## Task brief
Among the lines of the material, copy those that hold the string "zijn".
• • • • •
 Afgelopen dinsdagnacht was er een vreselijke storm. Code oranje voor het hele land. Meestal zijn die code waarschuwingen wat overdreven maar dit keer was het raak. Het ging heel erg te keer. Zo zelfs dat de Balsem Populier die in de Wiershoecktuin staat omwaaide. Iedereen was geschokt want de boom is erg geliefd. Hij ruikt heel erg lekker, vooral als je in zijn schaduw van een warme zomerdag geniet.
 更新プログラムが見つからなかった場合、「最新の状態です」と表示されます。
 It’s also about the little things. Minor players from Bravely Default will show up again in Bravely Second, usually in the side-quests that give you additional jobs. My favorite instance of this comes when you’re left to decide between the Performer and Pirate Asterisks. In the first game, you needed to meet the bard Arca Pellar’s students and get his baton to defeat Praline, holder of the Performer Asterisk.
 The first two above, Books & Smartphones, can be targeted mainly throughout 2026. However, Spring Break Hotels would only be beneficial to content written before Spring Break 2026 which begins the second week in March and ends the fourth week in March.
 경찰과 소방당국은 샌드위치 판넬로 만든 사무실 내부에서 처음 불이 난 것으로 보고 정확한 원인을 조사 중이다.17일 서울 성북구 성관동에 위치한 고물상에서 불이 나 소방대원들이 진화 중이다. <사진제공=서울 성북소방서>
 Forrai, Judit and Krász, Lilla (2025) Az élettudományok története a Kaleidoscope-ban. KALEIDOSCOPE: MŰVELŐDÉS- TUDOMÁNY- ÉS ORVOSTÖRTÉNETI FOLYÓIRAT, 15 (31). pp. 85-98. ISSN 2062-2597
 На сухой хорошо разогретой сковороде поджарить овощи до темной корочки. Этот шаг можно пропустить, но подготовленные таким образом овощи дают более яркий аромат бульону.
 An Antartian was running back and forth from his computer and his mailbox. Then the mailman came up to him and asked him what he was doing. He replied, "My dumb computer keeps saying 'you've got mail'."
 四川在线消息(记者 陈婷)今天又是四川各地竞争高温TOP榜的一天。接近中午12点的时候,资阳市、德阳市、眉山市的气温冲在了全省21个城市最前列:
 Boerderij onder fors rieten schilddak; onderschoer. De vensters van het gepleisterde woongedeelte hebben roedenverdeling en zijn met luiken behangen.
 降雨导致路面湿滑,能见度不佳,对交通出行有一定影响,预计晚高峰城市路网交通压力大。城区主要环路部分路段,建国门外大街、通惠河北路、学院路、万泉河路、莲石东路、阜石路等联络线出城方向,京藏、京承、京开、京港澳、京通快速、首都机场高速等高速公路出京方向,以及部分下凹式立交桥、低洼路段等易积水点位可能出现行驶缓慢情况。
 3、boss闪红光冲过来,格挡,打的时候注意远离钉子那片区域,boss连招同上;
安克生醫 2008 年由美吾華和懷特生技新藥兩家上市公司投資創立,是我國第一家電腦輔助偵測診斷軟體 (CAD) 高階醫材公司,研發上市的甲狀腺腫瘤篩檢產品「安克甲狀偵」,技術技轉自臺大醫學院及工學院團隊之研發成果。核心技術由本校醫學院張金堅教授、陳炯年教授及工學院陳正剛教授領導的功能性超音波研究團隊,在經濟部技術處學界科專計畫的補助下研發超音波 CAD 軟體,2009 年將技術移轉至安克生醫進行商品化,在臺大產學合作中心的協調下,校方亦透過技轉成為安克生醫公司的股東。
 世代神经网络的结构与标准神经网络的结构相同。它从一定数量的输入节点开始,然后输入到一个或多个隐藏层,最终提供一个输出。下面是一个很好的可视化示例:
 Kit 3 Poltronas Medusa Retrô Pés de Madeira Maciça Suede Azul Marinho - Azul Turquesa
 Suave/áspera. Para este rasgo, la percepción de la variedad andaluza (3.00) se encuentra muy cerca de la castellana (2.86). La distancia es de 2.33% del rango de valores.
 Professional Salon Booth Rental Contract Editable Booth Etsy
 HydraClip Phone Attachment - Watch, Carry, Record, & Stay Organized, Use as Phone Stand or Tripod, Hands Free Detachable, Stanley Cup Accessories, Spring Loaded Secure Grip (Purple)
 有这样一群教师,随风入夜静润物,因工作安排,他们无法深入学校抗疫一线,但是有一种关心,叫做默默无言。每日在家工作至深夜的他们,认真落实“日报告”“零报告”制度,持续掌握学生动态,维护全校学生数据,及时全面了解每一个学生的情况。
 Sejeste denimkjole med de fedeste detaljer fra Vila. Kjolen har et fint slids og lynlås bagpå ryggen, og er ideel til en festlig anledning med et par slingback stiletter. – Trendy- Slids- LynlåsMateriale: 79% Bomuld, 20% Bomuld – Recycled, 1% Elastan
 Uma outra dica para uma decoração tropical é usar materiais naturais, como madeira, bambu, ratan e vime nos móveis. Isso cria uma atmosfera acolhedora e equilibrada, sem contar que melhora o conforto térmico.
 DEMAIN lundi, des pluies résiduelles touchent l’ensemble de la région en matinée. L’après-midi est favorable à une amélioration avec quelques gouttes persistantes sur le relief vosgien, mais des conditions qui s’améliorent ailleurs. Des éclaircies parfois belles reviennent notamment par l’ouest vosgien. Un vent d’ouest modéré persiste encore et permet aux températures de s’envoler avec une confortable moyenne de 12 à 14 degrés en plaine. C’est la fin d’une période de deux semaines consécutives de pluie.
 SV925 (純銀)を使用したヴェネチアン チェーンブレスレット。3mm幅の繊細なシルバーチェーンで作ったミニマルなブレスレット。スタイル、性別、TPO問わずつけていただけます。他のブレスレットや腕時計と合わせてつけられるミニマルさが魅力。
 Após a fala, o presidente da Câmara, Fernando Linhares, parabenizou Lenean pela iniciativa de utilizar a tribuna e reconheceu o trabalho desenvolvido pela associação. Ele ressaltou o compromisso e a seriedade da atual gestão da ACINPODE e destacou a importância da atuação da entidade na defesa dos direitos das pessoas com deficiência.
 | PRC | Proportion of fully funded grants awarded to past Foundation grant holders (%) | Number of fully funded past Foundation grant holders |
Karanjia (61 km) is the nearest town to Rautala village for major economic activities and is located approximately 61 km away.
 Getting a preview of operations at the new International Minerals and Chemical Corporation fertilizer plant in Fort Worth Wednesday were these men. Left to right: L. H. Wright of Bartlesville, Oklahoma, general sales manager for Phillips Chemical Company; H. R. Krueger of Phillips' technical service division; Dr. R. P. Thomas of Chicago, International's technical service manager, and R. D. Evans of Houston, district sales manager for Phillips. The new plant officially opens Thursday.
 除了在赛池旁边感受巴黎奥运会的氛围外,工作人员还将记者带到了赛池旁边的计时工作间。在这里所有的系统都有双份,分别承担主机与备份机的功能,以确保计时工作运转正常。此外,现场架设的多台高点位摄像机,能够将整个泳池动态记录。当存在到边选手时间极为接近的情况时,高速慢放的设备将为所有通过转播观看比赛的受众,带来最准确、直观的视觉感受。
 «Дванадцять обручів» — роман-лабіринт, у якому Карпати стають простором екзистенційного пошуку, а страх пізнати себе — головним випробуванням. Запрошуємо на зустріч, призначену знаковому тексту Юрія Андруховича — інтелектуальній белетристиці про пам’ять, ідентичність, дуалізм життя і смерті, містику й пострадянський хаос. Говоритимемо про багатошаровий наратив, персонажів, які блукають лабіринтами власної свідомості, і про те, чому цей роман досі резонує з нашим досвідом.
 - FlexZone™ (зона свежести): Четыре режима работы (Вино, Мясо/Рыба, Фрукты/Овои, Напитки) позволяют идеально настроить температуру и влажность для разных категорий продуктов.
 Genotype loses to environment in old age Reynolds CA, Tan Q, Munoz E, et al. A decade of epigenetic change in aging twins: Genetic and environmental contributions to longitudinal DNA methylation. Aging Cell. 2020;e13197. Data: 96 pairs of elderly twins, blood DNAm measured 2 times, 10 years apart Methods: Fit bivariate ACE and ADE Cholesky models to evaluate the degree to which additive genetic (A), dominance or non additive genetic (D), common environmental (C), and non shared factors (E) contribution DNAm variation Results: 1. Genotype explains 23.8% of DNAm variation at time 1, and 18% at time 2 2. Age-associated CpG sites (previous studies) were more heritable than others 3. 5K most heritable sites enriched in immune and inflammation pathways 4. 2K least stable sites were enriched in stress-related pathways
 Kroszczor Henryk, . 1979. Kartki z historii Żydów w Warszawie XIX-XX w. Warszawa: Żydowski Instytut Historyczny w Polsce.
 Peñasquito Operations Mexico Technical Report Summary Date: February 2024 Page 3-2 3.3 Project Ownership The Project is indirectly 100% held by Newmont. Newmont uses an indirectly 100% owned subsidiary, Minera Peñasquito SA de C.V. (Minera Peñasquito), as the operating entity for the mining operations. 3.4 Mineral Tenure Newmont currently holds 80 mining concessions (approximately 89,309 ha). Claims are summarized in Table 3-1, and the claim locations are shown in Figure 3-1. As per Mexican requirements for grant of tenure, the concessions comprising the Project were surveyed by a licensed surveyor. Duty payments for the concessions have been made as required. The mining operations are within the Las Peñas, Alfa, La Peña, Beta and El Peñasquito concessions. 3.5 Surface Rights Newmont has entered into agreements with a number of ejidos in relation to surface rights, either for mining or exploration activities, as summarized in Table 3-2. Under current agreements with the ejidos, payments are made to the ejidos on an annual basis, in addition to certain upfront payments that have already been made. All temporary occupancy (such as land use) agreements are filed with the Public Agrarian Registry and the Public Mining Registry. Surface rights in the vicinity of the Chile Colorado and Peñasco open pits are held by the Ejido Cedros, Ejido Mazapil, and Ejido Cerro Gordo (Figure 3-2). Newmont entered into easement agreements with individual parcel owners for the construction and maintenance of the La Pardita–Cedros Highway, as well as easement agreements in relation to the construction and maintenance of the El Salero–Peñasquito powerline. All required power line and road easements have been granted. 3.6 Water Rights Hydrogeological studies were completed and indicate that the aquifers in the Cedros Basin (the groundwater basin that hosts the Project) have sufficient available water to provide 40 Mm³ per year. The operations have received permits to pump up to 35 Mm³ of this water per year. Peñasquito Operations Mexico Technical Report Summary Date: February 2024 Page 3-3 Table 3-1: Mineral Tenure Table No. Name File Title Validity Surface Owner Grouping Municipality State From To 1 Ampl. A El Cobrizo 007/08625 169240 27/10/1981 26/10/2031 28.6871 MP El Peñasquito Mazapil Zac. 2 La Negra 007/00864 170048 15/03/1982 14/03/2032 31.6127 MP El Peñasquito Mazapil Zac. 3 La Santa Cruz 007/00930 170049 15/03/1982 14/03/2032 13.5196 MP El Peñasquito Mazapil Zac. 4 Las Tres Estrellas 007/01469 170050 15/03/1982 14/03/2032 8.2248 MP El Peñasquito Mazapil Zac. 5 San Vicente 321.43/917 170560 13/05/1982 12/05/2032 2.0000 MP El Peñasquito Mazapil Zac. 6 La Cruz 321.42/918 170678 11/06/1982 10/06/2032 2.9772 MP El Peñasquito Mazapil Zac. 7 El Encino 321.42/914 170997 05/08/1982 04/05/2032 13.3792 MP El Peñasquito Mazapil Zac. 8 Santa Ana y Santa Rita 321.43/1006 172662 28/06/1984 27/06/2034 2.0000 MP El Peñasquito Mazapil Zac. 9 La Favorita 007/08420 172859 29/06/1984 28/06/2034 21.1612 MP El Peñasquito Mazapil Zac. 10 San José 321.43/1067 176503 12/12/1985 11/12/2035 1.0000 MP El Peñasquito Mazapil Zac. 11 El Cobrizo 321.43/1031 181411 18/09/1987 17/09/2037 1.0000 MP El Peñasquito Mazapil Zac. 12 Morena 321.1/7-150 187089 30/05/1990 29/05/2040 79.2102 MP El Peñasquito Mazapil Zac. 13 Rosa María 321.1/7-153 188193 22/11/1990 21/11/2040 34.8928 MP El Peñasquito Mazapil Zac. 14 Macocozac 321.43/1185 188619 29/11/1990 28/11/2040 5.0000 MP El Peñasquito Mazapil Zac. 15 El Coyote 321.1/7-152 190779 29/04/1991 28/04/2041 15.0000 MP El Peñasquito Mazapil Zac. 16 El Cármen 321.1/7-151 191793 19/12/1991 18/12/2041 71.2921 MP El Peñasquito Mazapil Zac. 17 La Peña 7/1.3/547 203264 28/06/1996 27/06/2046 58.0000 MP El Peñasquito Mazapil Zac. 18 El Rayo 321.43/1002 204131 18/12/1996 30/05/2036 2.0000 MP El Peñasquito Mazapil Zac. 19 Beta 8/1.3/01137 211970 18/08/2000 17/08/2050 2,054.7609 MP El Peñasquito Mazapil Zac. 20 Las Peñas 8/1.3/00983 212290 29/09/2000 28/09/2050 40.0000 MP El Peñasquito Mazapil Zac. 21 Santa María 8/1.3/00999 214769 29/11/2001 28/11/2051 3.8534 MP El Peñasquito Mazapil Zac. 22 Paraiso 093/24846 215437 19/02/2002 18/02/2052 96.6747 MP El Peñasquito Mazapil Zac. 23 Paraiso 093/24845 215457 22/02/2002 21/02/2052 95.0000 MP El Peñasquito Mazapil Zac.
• • • • •
## Task result
 Afgelopen dinsdagnacht was er een vreselijke storm. Code oranje voor het hele land. Meestal zijn die code waarschuwingen wat overdreven maar dit keer was het raak. Het ging heel erg te keer. Zo zelfs dat de Balsem Populier die in de Wiershoecktuin staat omwaaide. Iedereen was geschokt want de boom is erg geliefd. Hij ruikt heel erg lekker, vooral als je in zijn schaduw van een warme zomerdag geniet.
 Boerderij onder fors rieten schilddak; onderschoer. De vensters van het gepleisterde woongedeelte hebben roedenverdeling en zijn met luiken behangen.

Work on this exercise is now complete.